**Task instructions**. From the line with "中检华通威(苏州)公司现已支持使用江苏省和苏州市两类科技创新券!" to the line with "- 「ワークフローの編集」画", retype each line exactly as it stands in the records below, but skip the pictures.

**Records shown**.
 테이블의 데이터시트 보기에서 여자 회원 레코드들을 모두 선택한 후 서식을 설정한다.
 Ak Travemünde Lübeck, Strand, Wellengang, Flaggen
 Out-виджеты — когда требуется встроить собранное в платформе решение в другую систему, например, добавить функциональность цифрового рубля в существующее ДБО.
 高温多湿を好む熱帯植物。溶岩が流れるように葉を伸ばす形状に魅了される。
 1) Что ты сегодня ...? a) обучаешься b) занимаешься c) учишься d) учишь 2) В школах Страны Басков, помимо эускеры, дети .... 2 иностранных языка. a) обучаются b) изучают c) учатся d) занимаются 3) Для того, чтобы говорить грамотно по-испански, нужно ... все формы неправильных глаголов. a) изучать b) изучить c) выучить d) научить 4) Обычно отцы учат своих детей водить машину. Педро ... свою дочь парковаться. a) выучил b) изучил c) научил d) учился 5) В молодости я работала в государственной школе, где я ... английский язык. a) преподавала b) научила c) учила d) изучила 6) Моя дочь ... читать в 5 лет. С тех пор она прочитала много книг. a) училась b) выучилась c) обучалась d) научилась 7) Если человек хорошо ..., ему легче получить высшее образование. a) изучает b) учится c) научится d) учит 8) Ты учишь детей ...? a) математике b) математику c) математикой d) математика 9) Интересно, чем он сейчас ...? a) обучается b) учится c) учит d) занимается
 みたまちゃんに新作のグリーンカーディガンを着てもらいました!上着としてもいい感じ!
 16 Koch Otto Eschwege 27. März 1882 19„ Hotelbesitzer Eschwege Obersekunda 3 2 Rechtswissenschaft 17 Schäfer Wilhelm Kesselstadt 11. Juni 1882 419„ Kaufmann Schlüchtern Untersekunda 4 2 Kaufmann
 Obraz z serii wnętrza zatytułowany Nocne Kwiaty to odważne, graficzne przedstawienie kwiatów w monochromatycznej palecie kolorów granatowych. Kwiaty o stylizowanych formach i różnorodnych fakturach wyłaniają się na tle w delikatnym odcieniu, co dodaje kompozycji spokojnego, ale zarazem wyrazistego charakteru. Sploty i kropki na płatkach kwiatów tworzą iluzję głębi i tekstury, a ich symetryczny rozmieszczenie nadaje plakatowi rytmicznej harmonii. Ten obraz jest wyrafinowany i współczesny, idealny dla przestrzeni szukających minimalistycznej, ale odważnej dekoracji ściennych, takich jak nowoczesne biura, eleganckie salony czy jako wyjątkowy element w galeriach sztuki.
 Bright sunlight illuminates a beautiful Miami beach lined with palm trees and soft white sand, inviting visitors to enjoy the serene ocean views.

==

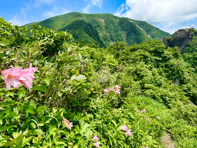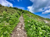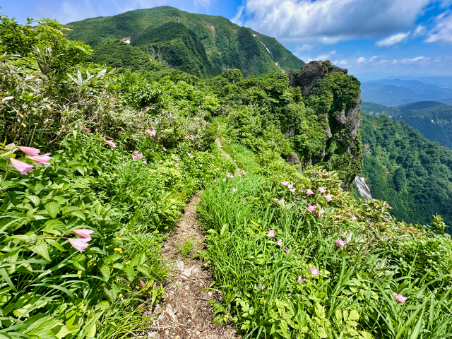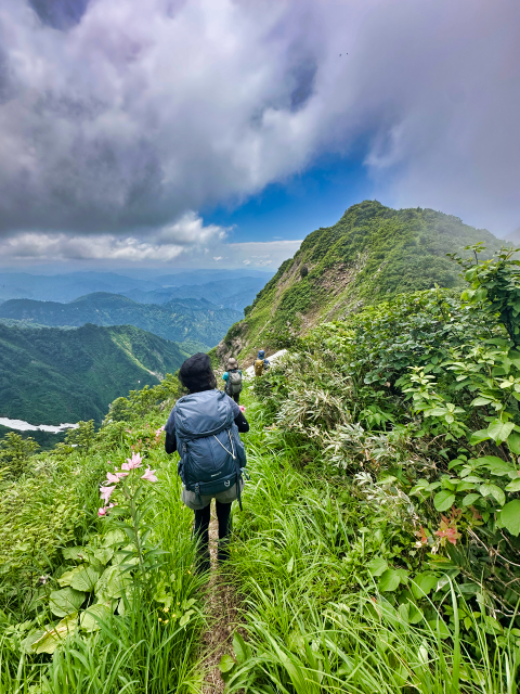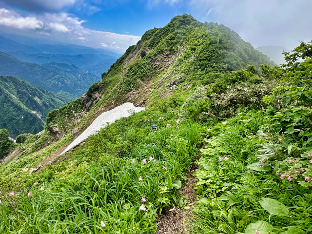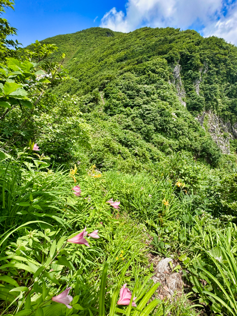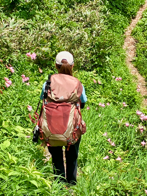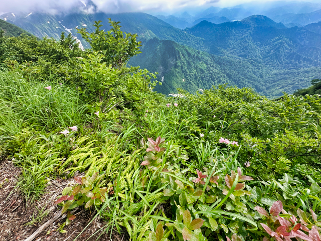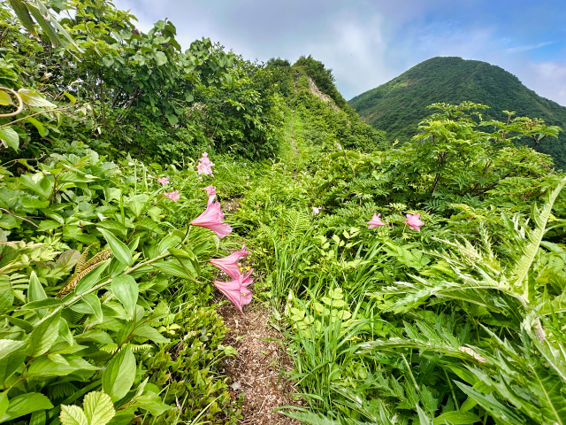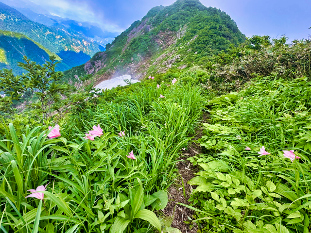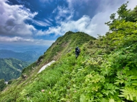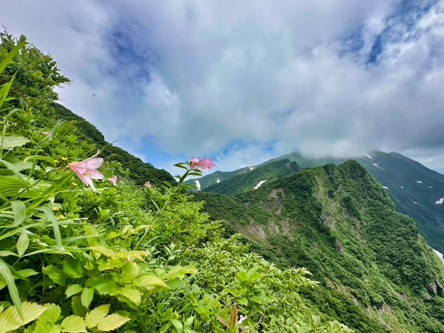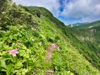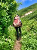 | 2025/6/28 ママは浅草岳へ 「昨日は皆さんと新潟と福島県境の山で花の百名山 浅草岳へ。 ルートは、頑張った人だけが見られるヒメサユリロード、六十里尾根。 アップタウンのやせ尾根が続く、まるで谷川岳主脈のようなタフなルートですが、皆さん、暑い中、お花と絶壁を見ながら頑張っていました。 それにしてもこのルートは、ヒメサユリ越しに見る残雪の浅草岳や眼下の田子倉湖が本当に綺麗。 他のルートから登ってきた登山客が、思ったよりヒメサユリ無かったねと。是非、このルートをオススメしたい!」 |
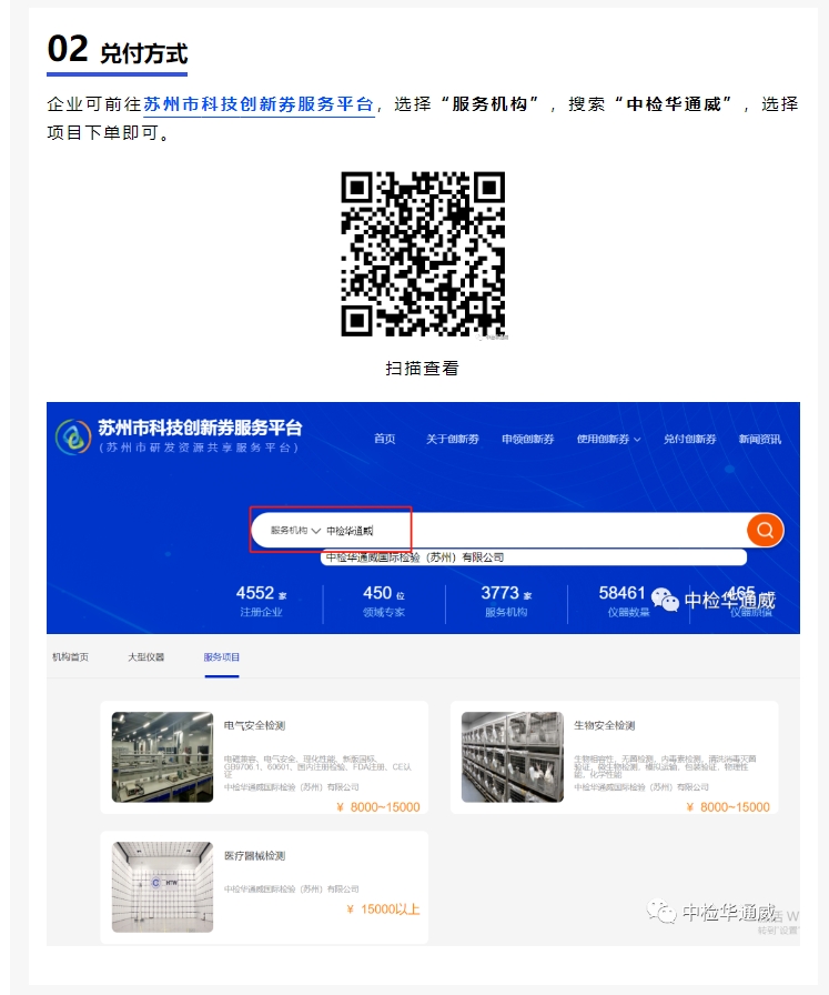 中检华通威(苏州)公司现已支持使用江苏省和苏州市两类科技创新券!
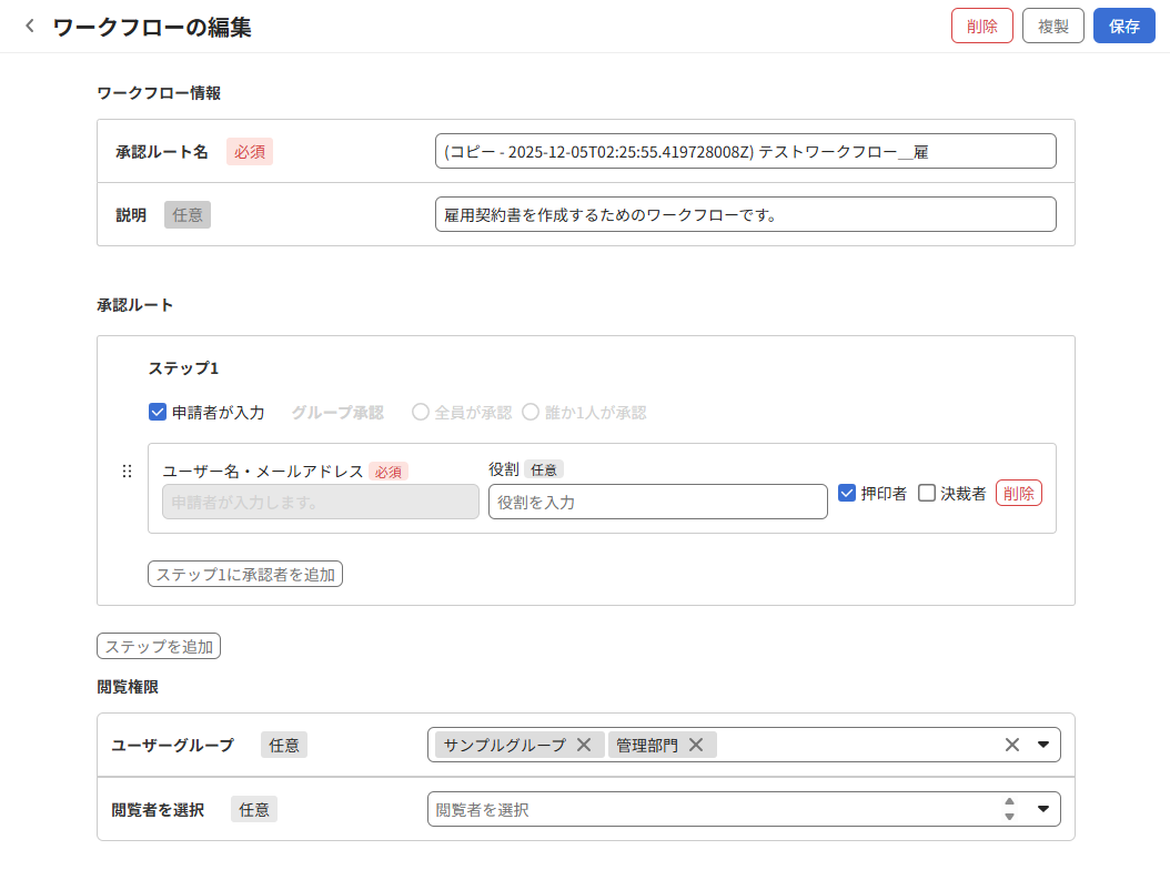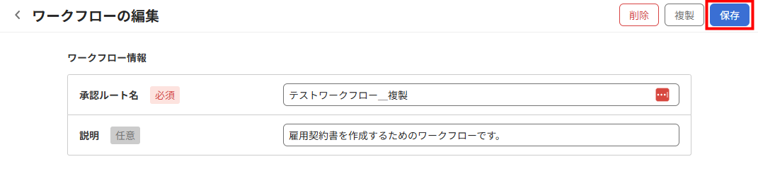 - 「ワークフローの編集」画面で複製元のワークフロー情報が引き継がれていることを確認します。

**Written answer**.
 中检华通威(苏州)公司现已支持使用江苏省和苏州市两类科技创新券!
 - 「ワークフローの編集」画面で複製元のワークフロー情報が引き継がれていることを確認します。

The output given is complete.